Scientific classification
- Kingdom: Animalia
- Phylum: Chordata
- Class: Aves
- Order: Psittaciformes
- Family: Psittacidae
- Subfamily: Arinae
- Tribe: Arini
- Groups included: Anodorhynchus Ara Cyanopsitta Primolius Orthopsittaca Diopsittaca

= Macaw =

Group of birds in the parrot family

Macaws are a group of large New World parrots that are long-tailed and often colorful, in the tribe Arini. They are popular in aviculture or as companion parrots, although there are conservation concerns about several species in the wild.

== Biology ==
Of the many different Psittacidae (true parrots) genera, six are classified as macaws: Ara, Anodorhynchus, Cyanopsitta, Primolius, Orthopsittaca, and Diopsittaca. Previously, the members of the genus Primolius were placed in Propyrrhura, but the former is correct in accordance with ICZN rules. In addition, the related macaw-like thick-billed parrot is sometimes referred to as a "macaw", although it is not phylogenetically considered to be a macaw species. Macaws are native to Central America and North America (only Mexico), South America, and formerly the Caribbean. Most species are associated with forests, but others prefer woodland or savannah-like habitats.

Proportionately larger beaks, long tails, and relatively bare, light-coloured medial (facial patch) areas distinguish macaws from other parrots.
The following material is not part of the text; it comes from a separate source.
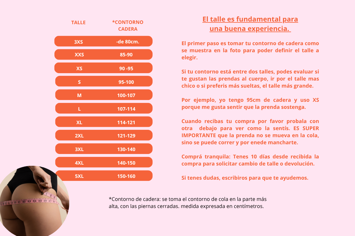 Medí tu contorno de cadera (piernas cerradas y centímetro en la parte más alta de la cola) y validá con nuestra guía . La bombacha debe quedarte al cuerpo, ni muy ajustada ni suelta.

Sometimes the facial patch is smaller in some species and limited to a yellow patch around the eyes and a second patch near the base of the beak in the members of the genus Anodorhynchus. A macaw's facial feather pattern is as unique as a fingerprint.

The largest macaws are the hyacinth, Buffon's (great green) and green-winged macaws. While still relatively large parrots, mini-macaws of the genera Cyanopsitta, Orthopsittaca and Primolius are significantly smaller than the members of Anodorhynchus and Ara. The smallest macaw species, the red-shouldered macaw, is no larger than some parakeets of the genus Aratinga.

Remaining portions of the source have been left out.